What tools will you need?

To make painting convenient and the work not to be delayed, it is worth preparing in advance everything that will be needed in the process.

You will need the following tool:

  • roller and hair brush;
  • wide and shallow tray for easy paint pick-up;
  • masking tape;
  • gloves (the most authentic ones are rubber ones, since lint or threads sometimes fall off from knitted ones).

You need to select a roller based on the width of the slopes. A tool that is too large is inconvenient and working with it is often accompanied by a considerable amount of splashes and drips. If there is no special tray, you can use a small old tray or similar design. However, plastic paint trays can be bought at any hardware store for literally pennies. You should also immediately purchase some narrow masking tape there.

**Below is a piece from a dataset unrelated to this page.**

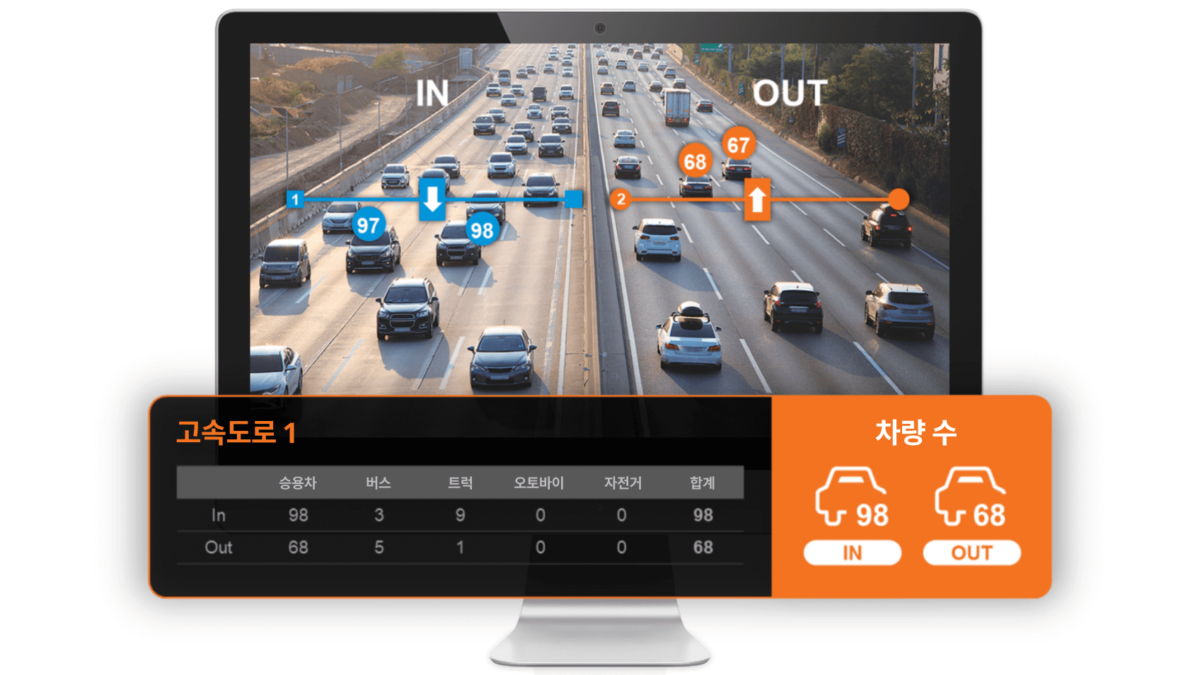 차량 카운팅 기능은 지정된 구역을 통과하는 차량을 실시간으로 검지하고 분류하여 정확한 통행량 데이터를 제공합니다. 교통 흐름을 지속적으로 추적함으로써 주차장 운영, 도시 교통 관리, 물류 거점, 톨게이트 시스템 등 다양한 환경에서 활용할 수 있는 신뢰도 높은 정보를 제공하며, 혼잡 분석, 인프라 계획, 운영 최적화를 효과적으로 지원합니다.

It is better to give preference to paints with a good price/quality ratio. Compositions that are too inexpensive are usually of low quality and will require repainting after a short time. That is, new financial expenses and additional time.

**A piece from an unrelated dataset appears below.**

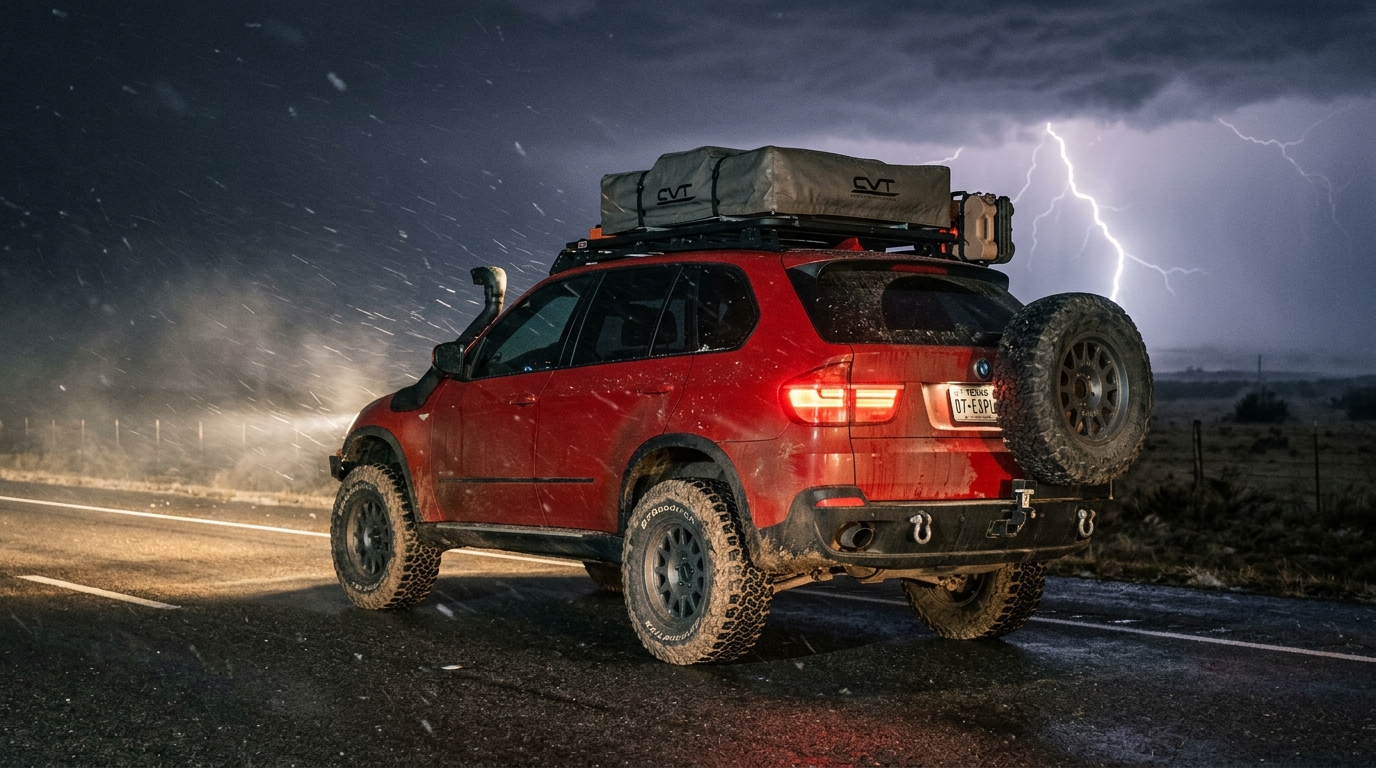 趣味でキャンプによく行くというKentaさんは、X5 E70の足元をもう少しアグレッシブに見せたいと、ワイルドなトレッドパターンのATタイヤを装着することにしました。しかし、見た目と価格重視で選んだ結果、本来必要とされるロードインデックス(LI)を満たしていないタイヤを選んでしまいました。X5 E70は車両重量が2トンを超える大型SUVであり、純正タイヤのロードインデックスは『107』が推奨されています。しかしKentaさんが選んだタイヤは『103』。最初は特に問題ないと感じていましたが、長距離の高速走行や、キャンプ道具満載で山道を走行する際、タイヤのたわみが目立つようになりました。さらに、半年も経たないうちにトレッド面にヒビが入り始め、特にサイドウォールが大きく膨らむ症状も現れました。これは、タイヤがX5 E70の重さに耐えきれず、過負荷がかかり続けていた証拠です。最悪の場合、高速走行中にバーストする危険性も孕んでおり、命に関わる事態に発展する可能性がありました。Kentaさんは異変に気づき、慌てて専門店に相談。プロからの指摘でロードインデックスの重要性を痛感し、急遽適切なロードインデックスのタイヤに交換することになりました。

Conclusions and recommendations

The color layer does not acquire strength immediately, but gradually hardens during the polymerization process. Manufacturers of washable paints do not recommend washing painted surfaces for the first few weeks. If necessary, it is better to lightly wipe with a damp soft cloth.

Knowing how to properly paint the end surface of a window or doorway, a home craftsman will do an excellent job with all painting operations.

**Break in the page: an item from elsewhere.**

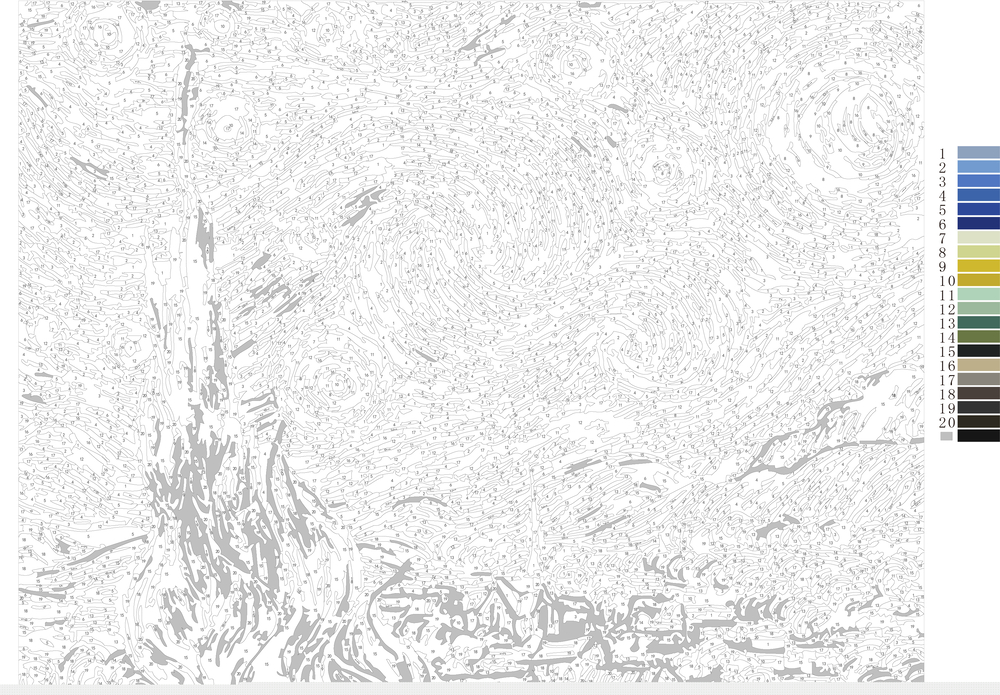 В набор входит холст с черно-белой цифровой разметкой. Каждой краске в наборе соответствует свой номер. Необходимо просто аккуратно нанести краски на участки с соответствующими цифрами. И так постепенно будет проявляться будущий шедевр.

Coloring compositions that can withstand up to 3000 washing cycles are supplied in a form prepared for application; shake the composition thoroughly and, if necessary, stir until a homogeneous consistency.

Interior decoration

To paint slopes located indoors, experienced specialists advise choosing the following types of paints and varnishes:

  • acrylic latex paints. This variety is great for painting plasterboard slopes. These compositions have almost the same characteristics as water-based mixtures, however, due to the presence of latex components, the paint has a higher strength and resistance to moisture. Latex additives make the dried paint solution more attractive and glossy. They make both glossy compositions that beautifully reflect the sun's rays and color, and matte ones that effectively emphasize the beauty of the window;
  • acrylic water-based. These paints are very convenient and easy to use for painting slopes; they dry quickly enough, after which they create an attractive and durable protective layer. Even a beginner can handle their application; they have good water-repellent characteristics, so they are used not only for living rooms, but also for painting slopes located inside kitchens or bathrooms. Acrylic water-based paint contains ordinary water as a solvent, so this mixture is absolutely non-toxic, does not harm human health, and produces virtually no odor during application and drying.

Painting paneled doors

The basic method for painting a flat door is with long, smooth strokes or vertical strokes with a roller. But panel doors are often installed, which must be painted in the following order:

  1. First paint the ends of the door;
  2. Next, paint the inner rectangular panels;
  3. Then paint the vertical stripe between the panels;
  4. Let's move on to horizontal stripes;
  5. Move on to paint the edges of the door.